◆ Supplied records:
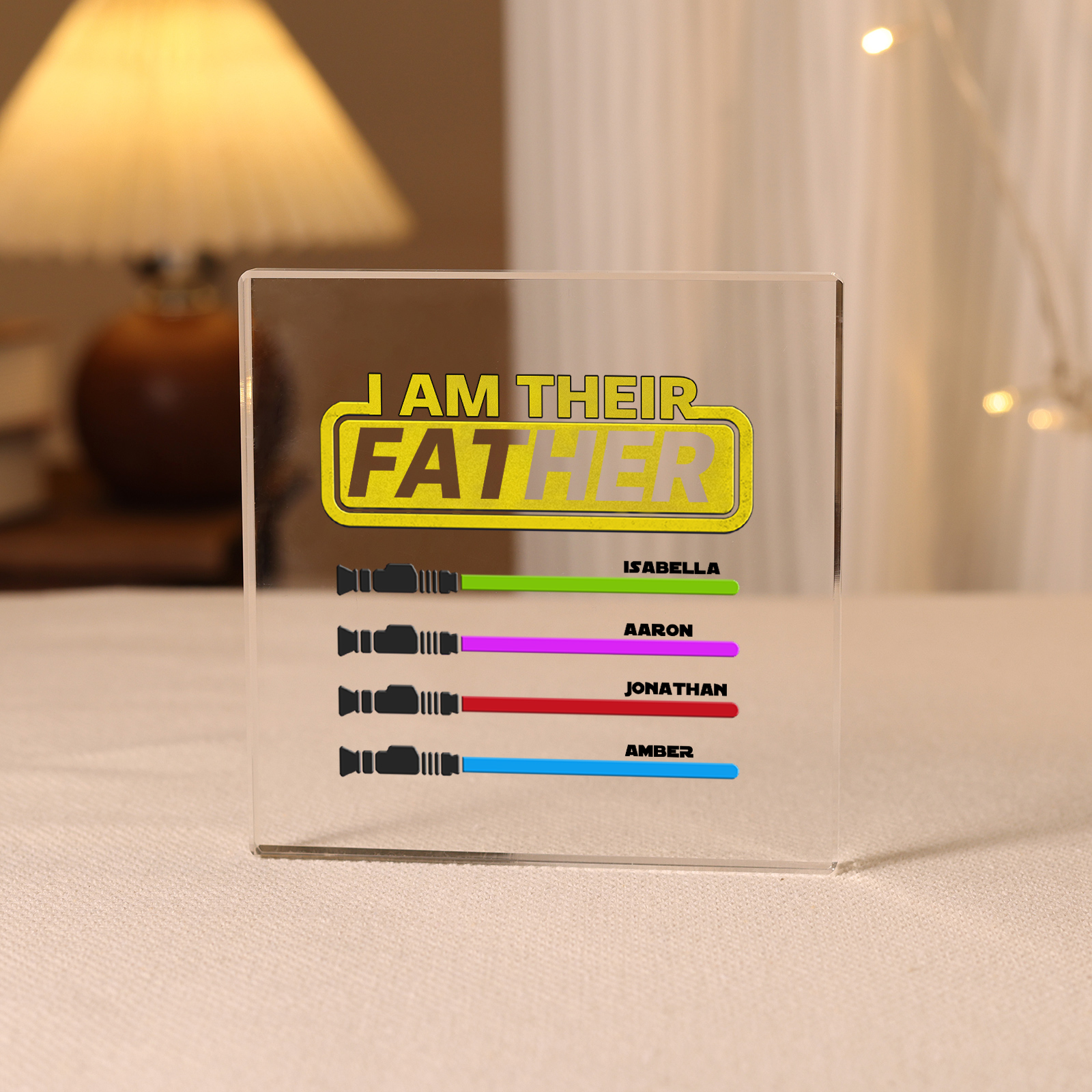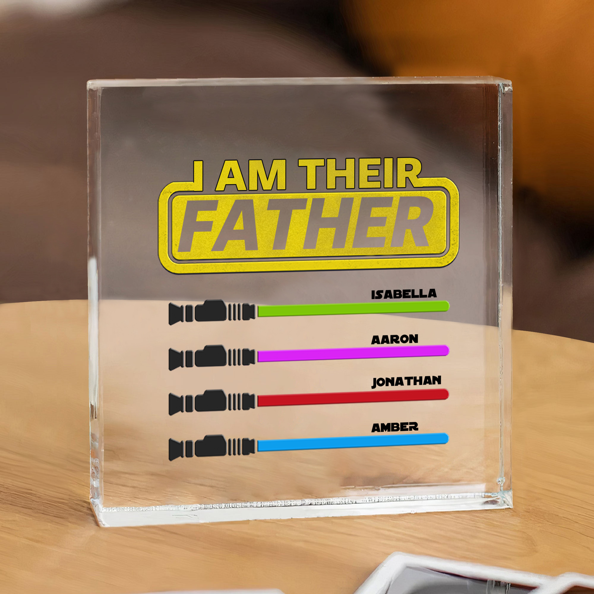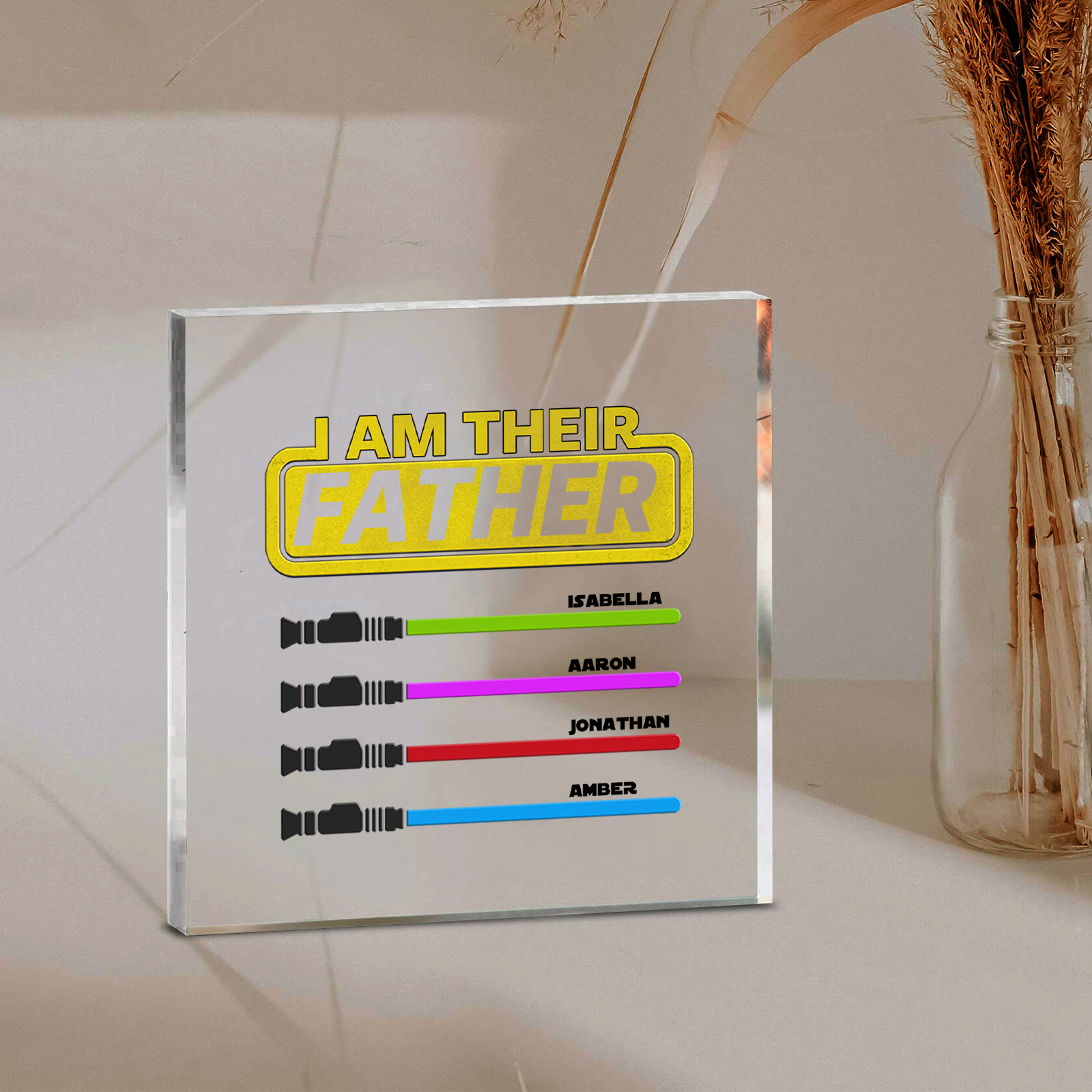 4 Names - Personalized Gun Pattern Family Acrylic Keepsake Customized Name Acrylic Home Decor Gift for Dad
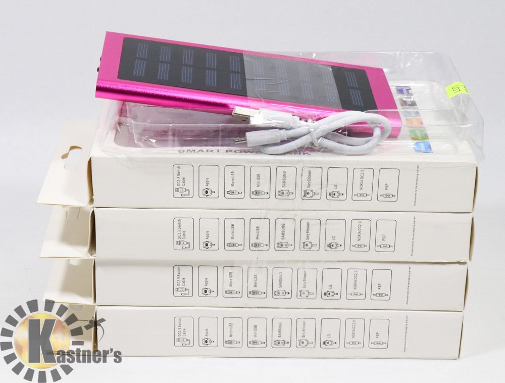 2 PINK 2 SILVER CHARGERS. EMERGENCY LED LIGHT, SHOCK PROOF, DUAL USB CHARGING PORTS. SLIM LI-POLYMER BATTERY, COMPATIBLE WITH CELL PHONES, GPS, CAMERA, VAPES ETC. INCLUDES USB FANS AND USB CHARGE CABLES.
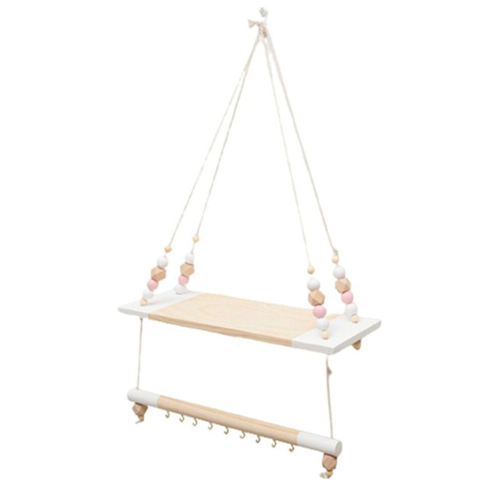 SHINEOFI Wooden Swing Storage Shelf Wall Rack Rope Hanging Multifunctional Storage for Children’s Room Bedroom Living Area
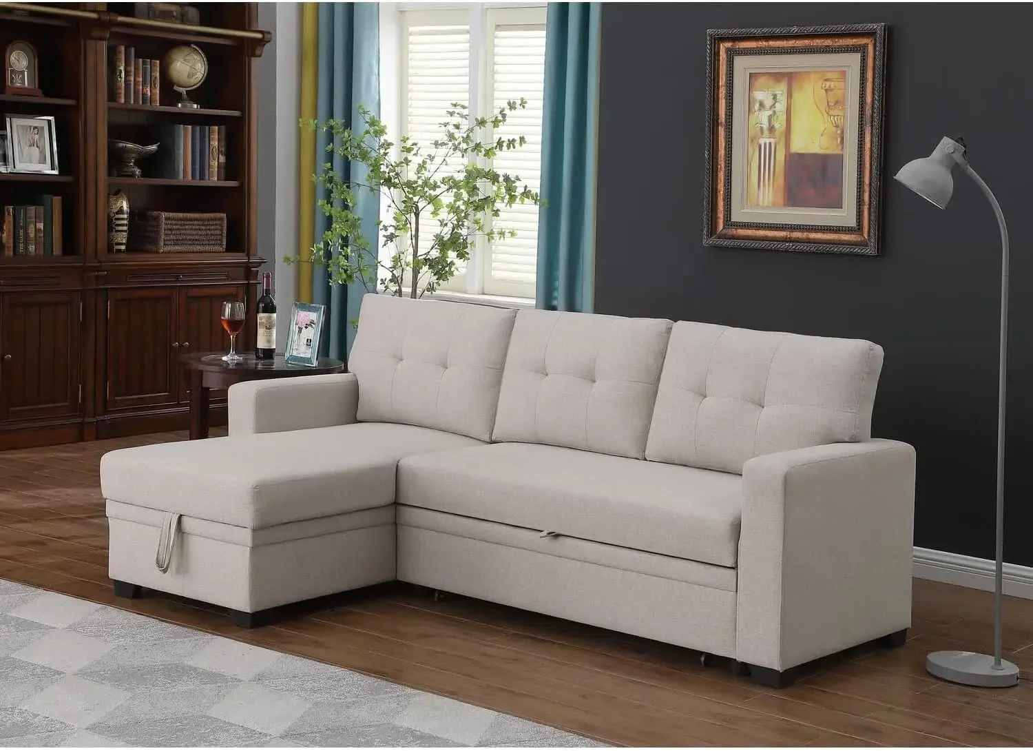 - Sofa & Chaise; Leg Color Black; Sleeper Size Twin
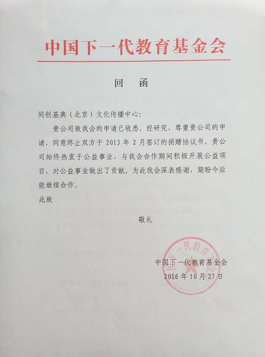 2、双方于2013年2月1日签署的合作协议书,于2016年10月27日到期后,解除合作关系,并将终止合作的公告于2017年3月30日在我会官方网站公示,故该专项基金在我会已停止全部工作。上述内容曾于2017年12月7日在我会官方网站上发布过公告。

◆ Required work: Start at the first line of the records and write out everything up to and including the line containing "2 PINK 2 SILVER". No pictures.

◆ Exercise answer:
 4 Names - Personalized Gun Pattern Family Acrylic Keepsake Customized Name Acrylic Home Decor Gift for Dad
 2 PINK 2 SILVER CHARGERS. EMERGENCY LED LIGHT, SHOCK PROOF, DUAL USB CHARGING PORTS. SLIM LI-POLYMER BATTERY, COMPATIBLE WITH CELL PHONES, GPS, CAMERA, VAPES ETC. INCLUDES USB FANS AND USB CHARGE CABLES.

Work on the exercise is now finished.